• Vita

    Eva Kocher has been a professor of civil and labour law at the Faculty of Law at the European University Viadrina in Frankfurt (Oder), Germany, since 2009. After studying in Tübingen and Hamburg, she completed her legal education by passing the second state examination in Hamburg in 1996. Her PhD (1994) analysed German legislation on the co-determination of works councils in matters of organisational restructuring. Her habilitation thesis (2004) compared German and English civil procedure in consumer law matters.

    Her research – situated at the Centre for Interdisciplinary Labour Law Research (C*LLaS) – is characterised by interdisciplinary and feminist approaches. In recent years, she has focused on legal issues relating to collective labour law, anti-discrimination law, digital labour platforms, social standards and supply chain regulation, and care work in labour law. She has a particular interest in questions of methodology. Mentoring young career scholars and supervising PhD students are central to her approach to academic work.

    She has held various administrative roles at her university, including dean, vice-president for studies and teaching, and acting president, and sits on the law review board of the German Research Foundation (DFG). She is also the chair of the 'Gesellschaft für Recht und Gesellschaft' (German Law and Society Association).

  • Forschungsprojekt

    Anti-discrimination law as critique of routines of normality

    The standard employment relationship — defined as a permanent, full-time position within a single organisation — is a normative concept that shaped labour law during the Fordist era, and continues to do so to this day. In fact, this concept renders invisible and marginalises (others) the private care work performed within families and communities. At the same time, labour law has also provided instruments designed to counteract some of the notions of normality represented by the standard employment relationship. For example, there are rights that are supposed to enable the compatibility of family and professional work, such as the right to flexible working hours.

    However, those who exercise such rights are often viewed as outsiders or troublemakers by employers, colleagues, and employee representatives. This project analyses how the subjectivity engendered by these rights contributes to the marginalisation of private care work in employment. It discusses how open-ended search processes could contribute to the internalisation of social diversity in labour law.

    In doing so, the project brings together three strands of legal scholarship: anti-discrimination law concepts; legal critique; and labour law collectivity and individual rights.

  • Einschlägige Veröffentlichungen

    Eva Kocher, „Digital Work Platforms. At the Interface of Labour Law“ (Bloomsbury Publishing 2022) (open access).

    Eva Kocher, “Das Andere des Arbeitsrechts. Perspektiven feministischen Rechtsdenkens“ (Velbrück Wissenschaft 2024) (open access).

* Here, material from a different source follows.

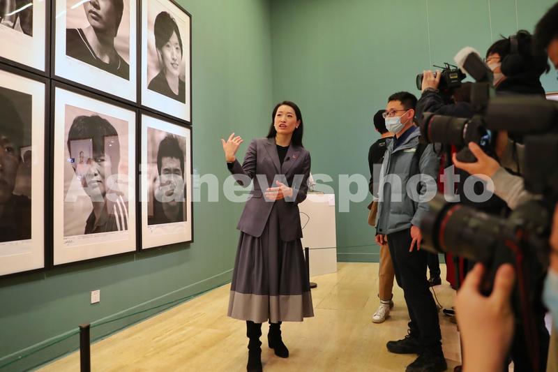 图片说明:1月7日,第28届雅典奥运会女子100米蛙泳冠军罗雪娟(左一)在展览现场。

    Eva Kocher, “Interdisciplinary Labour Law Studies: From Critical Legal Studies to the Sociology of Law and Back Again”, in: Christian Boulanger/Naomi Creutzfeldt/Jennifer Hendry (ed.), Socio-Legal Trajectories Across Europe: Comparative Perspectives (Hart Publishing 2025), p. 119-134.

    Eva Kocher and Joanna Bronowicka, „Kampf und Offenheit – Wie muss eine Gewerkschaft organisiert sein?“, Kritische Justiz (KJ) 57 (2024), p. 504-521.

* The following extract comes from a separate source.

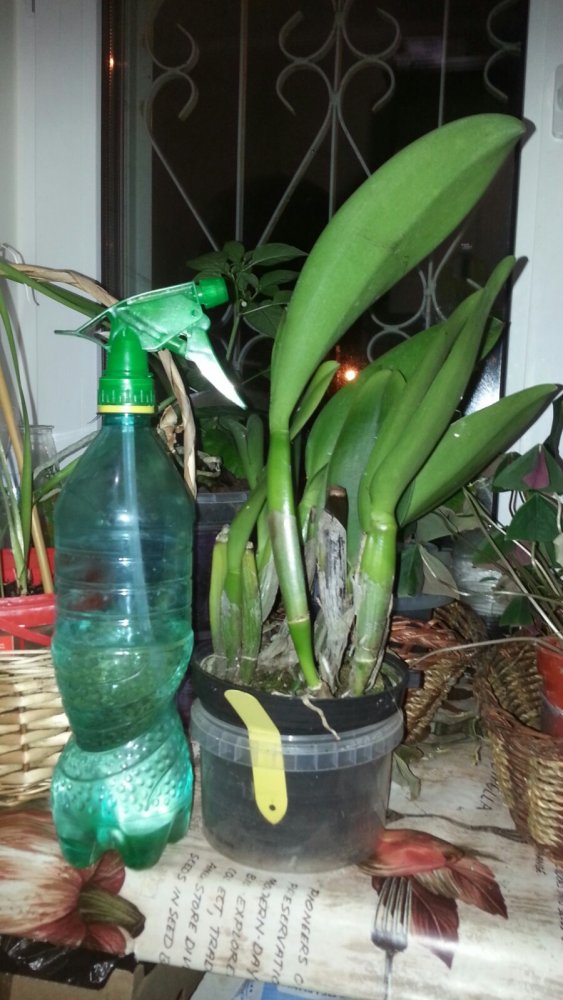 У меня, к сожалению, нет опыта по ее выращиванию. Но вот по размерам могу сказать про свою, которая недавно пришла из спецпредложения 37108 Каттлейное!, правда, без приставк Tian Mu. В названии спеца был указан размер 4.5. Думаю, что это он и есть, так как очень большая. Есть что-то похожее на цветонос и чехол. Так что в таком размере она цветет. Бутылка литровая.

    Eva Kocher, “§ 5 Arbeitsrechtlicher Diskriminierungsschutz”, in: Europäisches Arbeits- und Sozialrecht, Band 7 der Enzyklopädie Europarecht (ed. Monika Schlachter and Hans Michael Heinig) (2nd ed. Nomos 2021), p. 229-322.

    Eva Kocher, “Codes of Conduct and Framework Agreements on Social Minimum Standards – Private Regulation?”, in : Responsible Business, Self-Governance and the Law in Transnational Economic Transactions (ed. Olaf Dilling, Martin Herberg and Gerd Winter) (Hart Publishing 2007), p. 67–86.